╭──
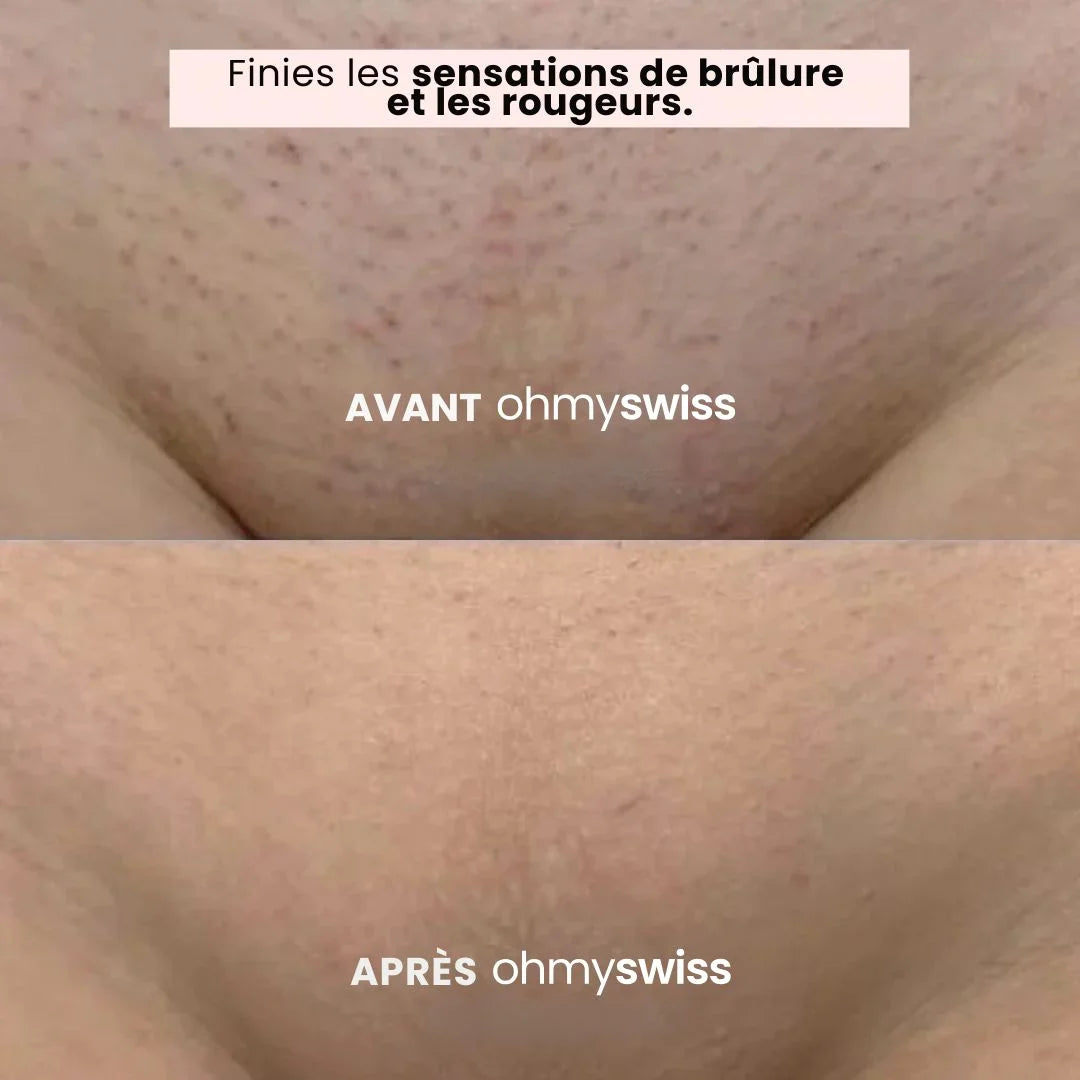 Oui. OhMySwiss™ est conçu pour être doux, y compris sur les zones les plus sensibles comme le maillot ou les aisselles. Grâce à son format 2‑en‑1, vous obtenez un rasage net tout en limitant irritations et rougeurs.
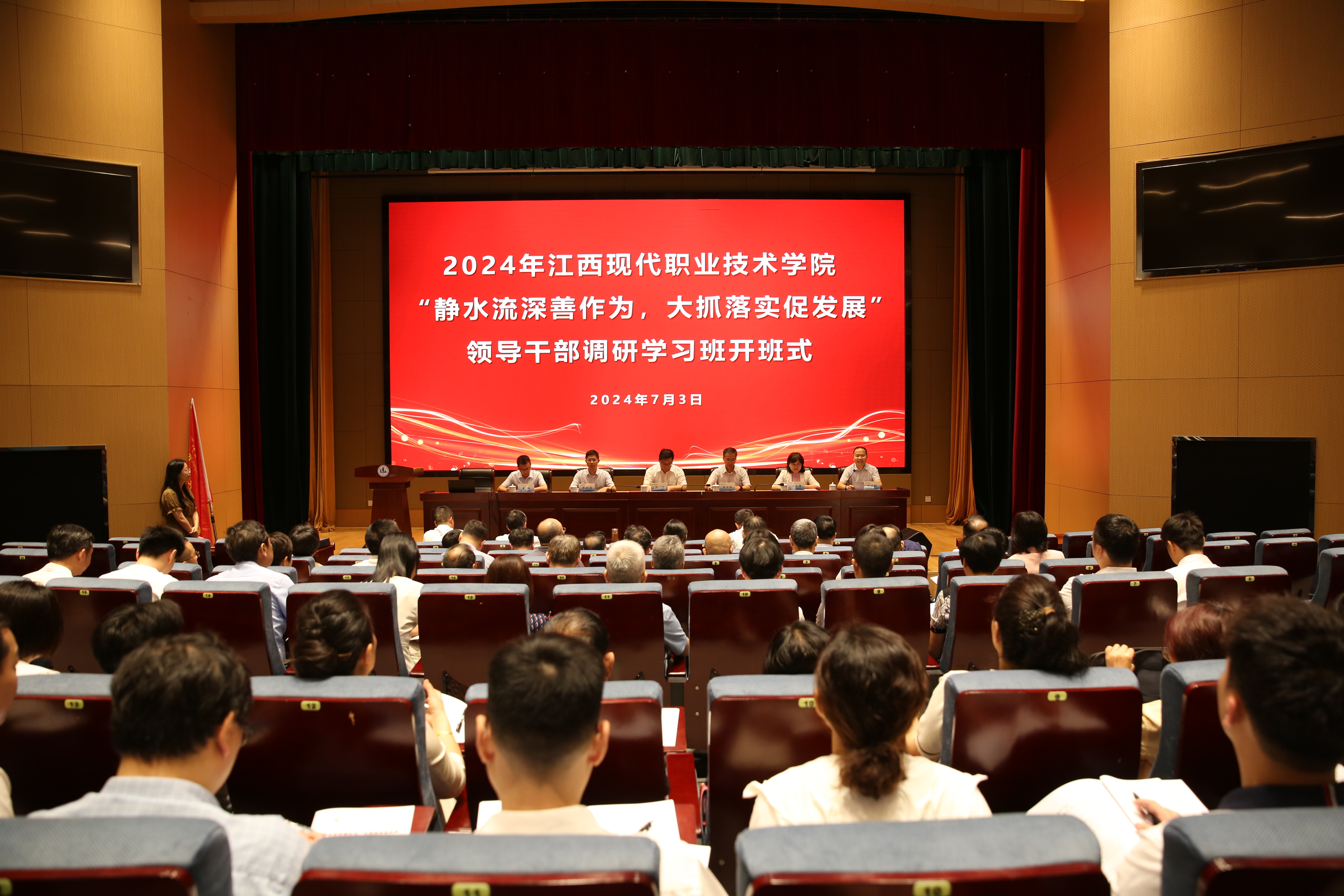 7月3日上午,由江西现代职业技术学院委托、无锡职业技术学院承办的“静水流深善作为、大抓落实促发展”2024年江西现代职业技术学院领导干部调研学习班开班仪式在厚德楼辅楼一楼报告厅举行。由江西现代职业技术学院党委书记陈飞带队的学院领导班子、中层干部和教师代表等一行近80人参加了本次开班仪式。
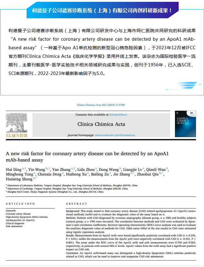 科研创新 │ 九州注册(中国)子公司德赛诊断系统(上海)有限公司联合上海市同仁医院再创科研新成果
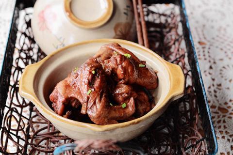 5、燉煮十來分鐘后,中途將雞翅翻個面,繼續(xù)燉煮十來分鐘,湯汁收干即可
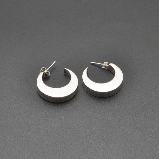 Crescent moon Huggie hoop silver earrings stud
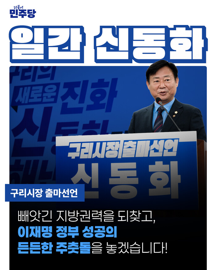 이와 관련해 신 의장은 이날 자신의 페이스북을 통해 신동화는 확실한 원팀 라인으로 빼앗긴 지방권력을 되찾고, 이재명 정부 성공의 든든한 주춧돌이 되겠다고 밝혔다.
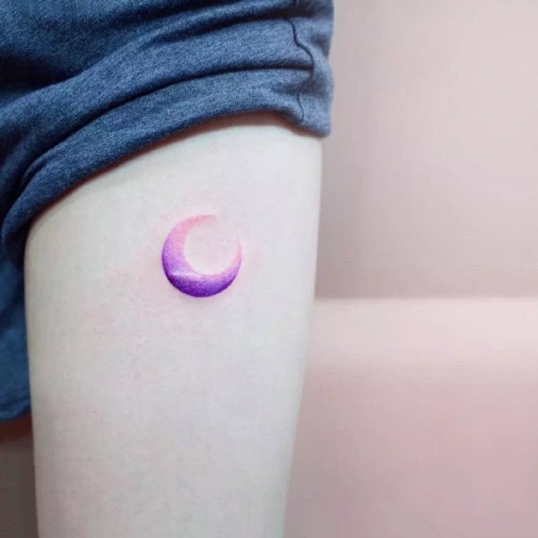 小清新的女生彩色月亮纹身图案作品9张
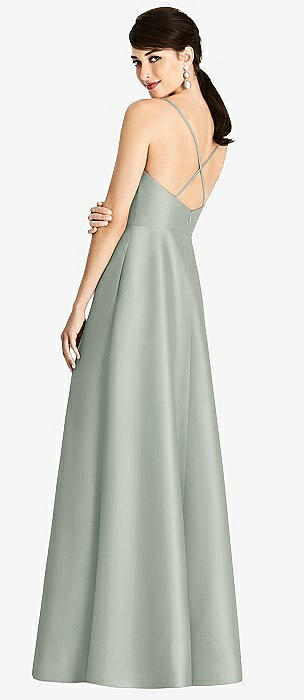 Sleeveless A-Line Satin Dress with Pockets in willow green
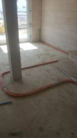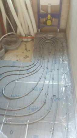 Große Verlegekunst - gefunden von M. Linzig (Vielen Dank!). Schön, dass es unter der Toilette gut warm wird. Wärme vorm Waschbecken wird ja generell überbewertet.
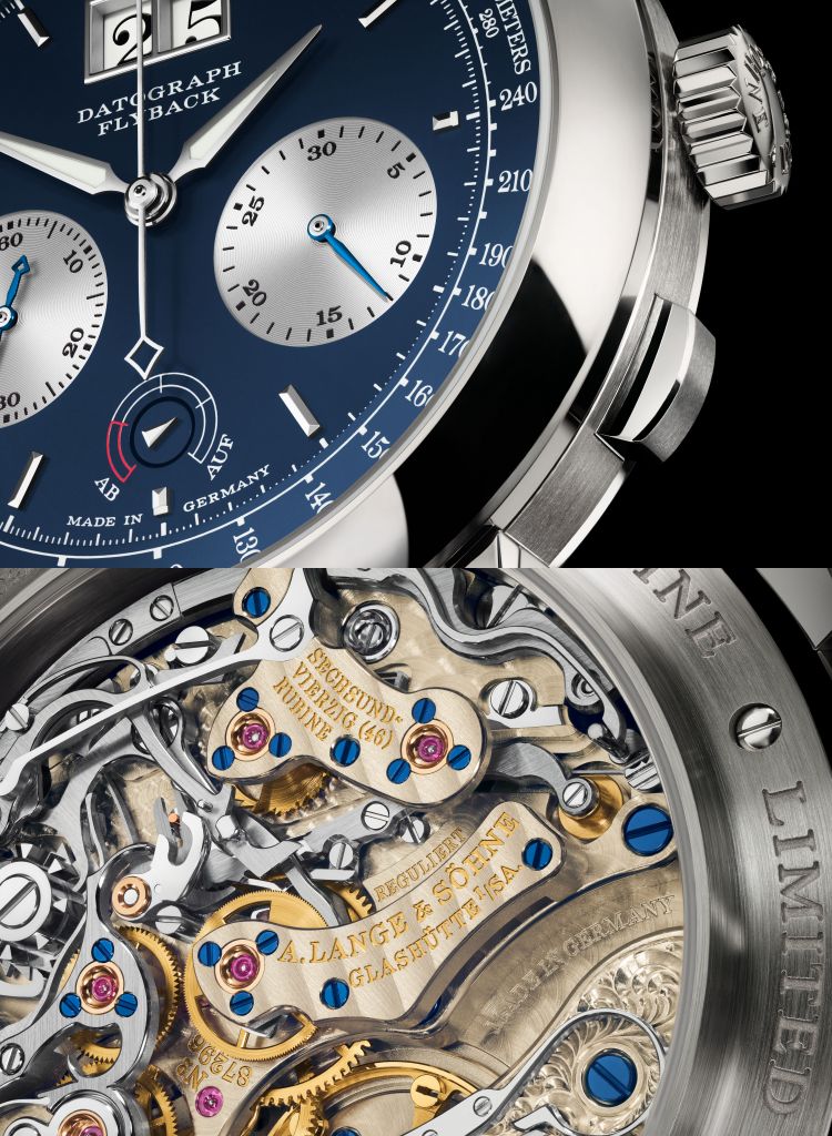 朗格2024年W&W鐘錶與奇蹟日內瓦高級鐘錶展隆重揭曉DATOGRAPH大日曆計時系列2款新作:搭配黑色錶盤的鉑金950款&18K玫瑰金錶款,新推出搭配藍色錶盤的18K白金款,限量125枚。這款腕錶憑藉獨特配色與醒目外觀脫穎而出。
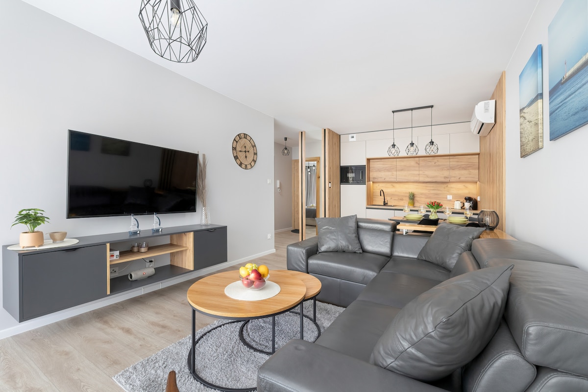 New, comfortable apartment with access to the spa area, which includes: swimming pool, sauna, jacuzzi, paddling pool for children and gym. The apartment includes a place in the underground , closed car park . The Water Wings apartment consists of a livin
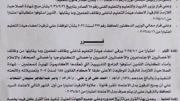 جاء ذلك بناء على القرار الصادر برقم 340 بتاريخ 20 أبريل 2026،، ومذكرة مديرية التربية والتعليم الخاصة باستصدار قرار ترقية بإجمالي عدد 1528 مستحقًا، من شاغلى وظائف المعلمين، وما يقابلها من وظائف الأخصائيين الاجتماعيين، والأخصائين النفسيين، وأخصائي التكنولوجيا، وإخصائي الصحافة والإعلام، وأمناء المكتبات، من دفعة 2019، وذلك من الذين منحوا شهادة الصلاحية اللازمة للترقية إلى الوظائف الأعلى.
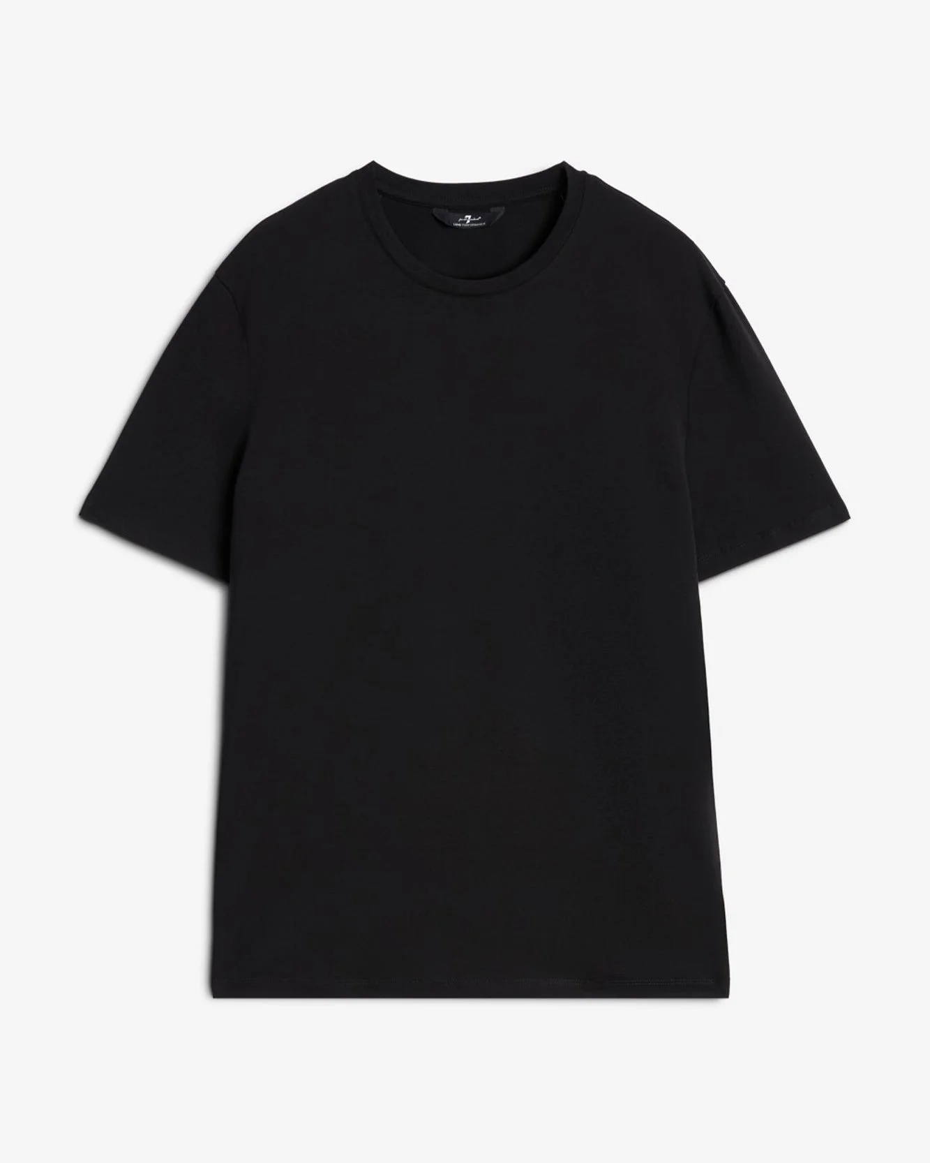 Fits like: The perfect tee - not too fitted, not too relaxed. Feels like: Lightweight breathable cotton with a soft touch and comfortable stretch. The Details: - Black shade - Crewneck - Short Sleeve - Easy T-shirt silhouette MEASUREMENTS - Based on size Medium - Length: 28" - Chest: 42.5" - Sweep: 41.75" - Measurements may vary based on size, fabric, and wash. FABRIC & CARE - 91% Cotton, 9% Elastane - Machine wash cold inside out with like colors, lay flat to dry - Imported
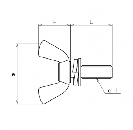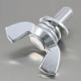 | 特長 | 工具無しで簡単に締め付けが可能なように蝶の羽のようなつまみが頭部に形成されたボルト(蝶ボルト)に陥没防止や緩み止めとしての平座金(JIS規格)とばね座金2号が組込まれたセムス(P=3)タイプのボルトです。蝶ボルト本体はつまみ部分が冷間圧造の(H)タイプ(翼端の形状が角ばった大型のつまみ)、ねじ山はメートル並目になります。製造時に組み込んだ平ワッシャーとスプリングワッシャーはボルト本体からは外れません。取り付けの際にワッシャーを組み込む手間を省き、座金を落としてしまう煩わしさを解消し作業能率を向上させます。 蝶ボルトはウィングボルト、蝶ねじ、ちょうボルトなどとも呼ばれます。締め付け強度は不要で繰り返し脱着の必要のある照明器具・住設関係・農業機器・食品機械・医療機器・電動工具などで多数用いられています。 |
╰──
### WORK REQUEST
Once the line containing "Crescent moon Huggie" has been located, transcribe exactly and only every line from the first line of the entries through it, excluding pictures.

### RESPONSE TO THIS EXERCISE
 Oui. OhMySwiss™ est conçu pour être doux, y compris sur les zones les plus sensibles comme le maillot ou les aisselles. Grâce à son format 2‑en‑1, vous obtenez un rasage net tout en limitant irritations et rougeurs.
 7月3日上午,由江西现代职业技术学院委托、无锡职业技术学院承办的“静水流深善作为、大抓落实促发展”2024年江西现代职业技术学院领导干部调研学习班开班仪式在厚德楼辅楼一楼报告厅举行。由江西现代职业技术学院党委书记陈飞带队的学院领导班子、中层干部和教师代表等一行近80人参加了本次开班仪式。
 科研创新 │ 九州注册(中国)子公司德赛诊断系统(上海)有限公司联合上海市同仁医院再创科研新成果
 5、燉煮十來分鐘后,中途將雞翅翻個面,繼續(xù)燉煮十來分鐘,湯汁收干即可
 Crescent moon Huggie hoop silver earrings stud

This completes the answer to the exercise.